Benchmark ELG services¶

The benchmark class allows to compare services regarding there responses and there inference time. It can be used to choose between different services.

[1]:

from elg import Benchmark

A benchmark can be initialized with a list of services ids (from_ids method) or with a list of entities (from_entities method). Here we compare English to German Machine Translation services.

[2]:

ben = Benchmark.from_ids([610, 624])

The benchmark can be run on multiple inputs and can be run multiple times to guarantee the result (the first run is also usually longer than the next ones due to the service pods initialization).

[ ]:

result = ben(["Bush is the president of the USA and lives in Washington.", "ELG is an amazing project."], number_of_runs=2)

The benchmark call returns a benchmark result object that can be used to compare the result.

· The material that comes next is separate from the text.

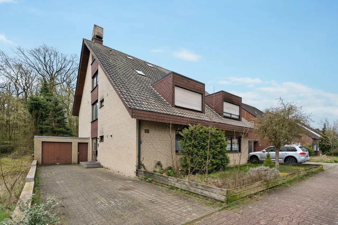 Die offizielle Wohnfläche beträgt 235,57 m², ergänzt durch zusätzliche Nutzfläche im ausgebauten Dachgeschoss. Der Vollkeller bietet mehrere Abstellräume sowie eine praktische Kelleraußentreppe. Beidseitig am Gebäude sind Garagen angebaut.

You can have an overview of the result,

[4]:

df = result.compare()
print("General comparison:\n")
df

General comparison:

[4]:

			result	response_time
service	request_input	run
610	Bush is the president of the USA and lives in Washington.	0	{'content': 'Bush ist Präsident der USA und le...	14.931094
	Bush is the president of the USA and lives in Washington.	1	{'content': 'Bush ist Präsident der USA und le...	1.573129
	ELG is an amazing project.	0	{'content': 'ELG ist ein großartiges Projekt.'...	1.520602
	ELG is an amazing project.	1	{'content': 'ELG ist ein großartiges Projekt.'...	1.472771
624	Bush is the president of the USA and lives in Washington.	0	Bush ist der Präsident der USA und lebt in Was...	13.735600
	Bush is the president of the USA and lives in Washington.	1	Bush ist der Präsident der USA und lebt in Was...	1.576197
	ELG is an amazing project.	0	ELG ist ein erstaunliches Projekt.	1.535216
	ELG is an amazing project.	1	ELG ist ein erstaunliches Projekt.	1.470568

compare only the results,

[5]:

df = result.compare_results()
print("Comparison of the results:\n")
df

Comparison of the results:

[5]:

		result
service	request_input
610	Bush is the president of the USA and lives in Washington.	{'content': 'Bush ist Präsident der USA und le...
610	ELG is an amazing project.	{'content': 'ELG ist ein großartiges Projekt.'...
624	Bush is the president of the USA and lives in Washington.	Bush ist der Präsident der USA und lebt in Was...
624	ELG is an amazing project.	ELG ist ein erstaunliches Projekt.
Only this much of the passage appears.